By default, revision 1 is set as current, which may not be desired in production. If you want to implement canary, create a new revision 2, set api_set_current=false and set revision 2 as current when suitable.

Subscription

If you want to require no authentication for the particular API deployed, add api_require_auth=false. Authentication is still required on the product level for the other APIs that are possibly assigned in the product.

If you want to require no approval from Administrators when new users subscribe to the product, add app_require_admin_approval=false.

Spec

OpenAPI (3.x), Swagger (2.x) and WSDL specification formats can be imported by API Management. If are deploying a SOAP API instead of REST, add api_type=soap and use api_format=wsdl-link with api_spec URL to the XML.

If you want to read api_spec content directly as a parameter, set api_format to openapi-json, swagger-json or wsdl. This may or may not work well, depending on your shell and the spec content.

Policy

API management policies can be set on service, product or API levels. By default, rate-limit policy is created on the API level by api.bicep.

You can set api_policy_xml to override the API level policy as XML content. To pass an URL to an XML file instead of the content, also set api_policy_format=rawxml-link.

What’s next?

Having tried several other free and paid alternatives, and also having written my own mocking tools, I think Mockoon is by far the most intuitive app for both designing API endpoints and virtualizing them unless they are done. You can install and use it for editing apis.json for your own purposes. Remember to export to apis.json from UI before running ./deploy again.

Updating openapi.json

Mockoon can also export openapi.json and I hope this functionality still gets improved, as e.g. Azure API Management is much stricter regarding the path parameter definitions (which is intented).

Due this, you may have to edit openapi.json manually before importing the Mockoon-exported spec in API Management.

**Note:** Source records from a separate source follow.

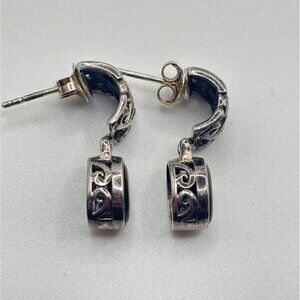 These abalone and sterling silver earrings offer a refined aesthetic, showcasing intricate design details. The blend of materials ensures a sophisticated look, suitable for both formal and casual settings. The abalone provides a subtle iridescent touch, enhancing the overall elegance of these earrings.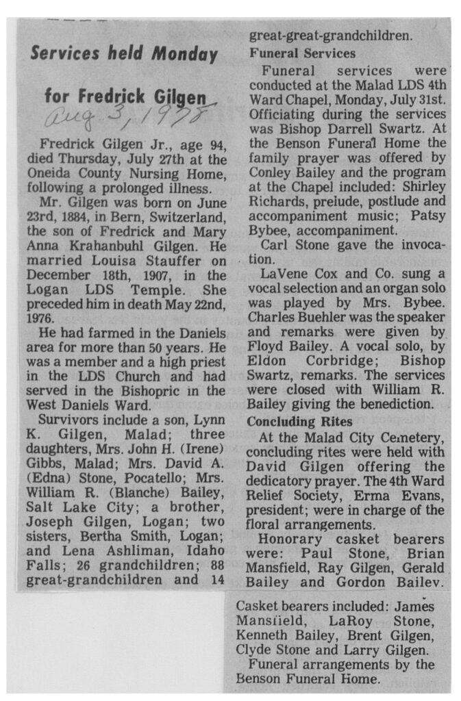 Survivors include a son, Lynn K. Gilgen, Malad; three daughters, Mrs. John H. (Irene) Gibbs, Malad; Mrs. David A. (Edna) Stone, Pocatello; Mrs. William R. (Blanche) Bailey, Salt lake City; a brother, Joseph Gilgen, Logan; two sisters, Bertha Smith, Logan; and Lena Ashliman, Idaho Falls; 26 grandchildren; 88 great grandchildren and 14 great-great grandchildren.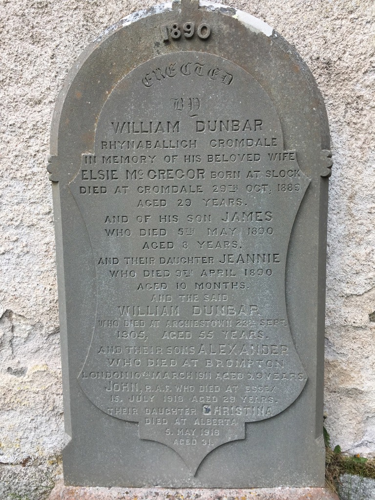 Buried: Duthil Parish Churchyard in the family grave. Also remembered on the gravestone Father William (1850 - 1905) Mother Elsie m.s. McGregor (1860 - 1889) Siblings Alexander (1882 - 1911) James (1882 - 1890) Christina (1888 - 1919) Jeannie (1889 - 1890)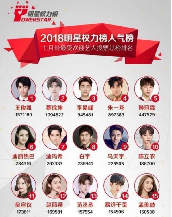 7月份明星人气榜:蔡徐坤第2、朱一龙第4、陈立农第10、第一意料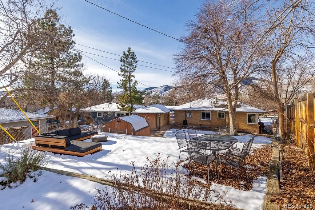 *OPEN HOUSE SUNDAY 02/01 FROM 11-1* Enjoy the best of Golden living in your new home! This move-in-ready ranch sits on a large lot backing directly to South Table Mountain, offering open space out your back door, west-facing mountain views out front, and a friendly neighborhood setting — all just minutes from downtown Golden, Clear Creek, and miles of trails. Designed for easy main-floor living, the home offers great flow and natural light, with a finished basement providing flexible bonus living space for a family room, office, gym, or storage. Additional highlights include a detached one-car garage with wide rear entry for easy access to bikes and gear, a large storage shed, and ample driveway and street parking. The garage offers future ADU potential, with architectural plans for a pop-top and ADU available. Outdoor space includes an expansive front yard, a large backyard opening directly to South Table Mountain, beautiful sunset views, apple trees, and an irrigated garden area. Located on a quiet street near trailheads, parks, and downtown Golden, this home combines an exceptional location, scenic views, and long-term opportunity. Recent updates include new windows (2024), furnace and A/C (2022), blinds (2021), refinished main-level wood floors (2020), and interior paint (2020).

If you want to host your own Docker containers in Azure Container Instances, which you likely want to try out next, you can check main.bicep for the parameters forwarded to aci.bicep. Include these parameters to the deployment commands and you are able to configure the container image, the command, cpu count, memory, etc. After changes, run ./deploy to update the services (now takes only a few minutes).

You may also want to see how to create the CI/CD pipeline in your own Azure DevOps project.

Which is left as an exercise. □

Good luck and rock on!

No APIs were harmed during production.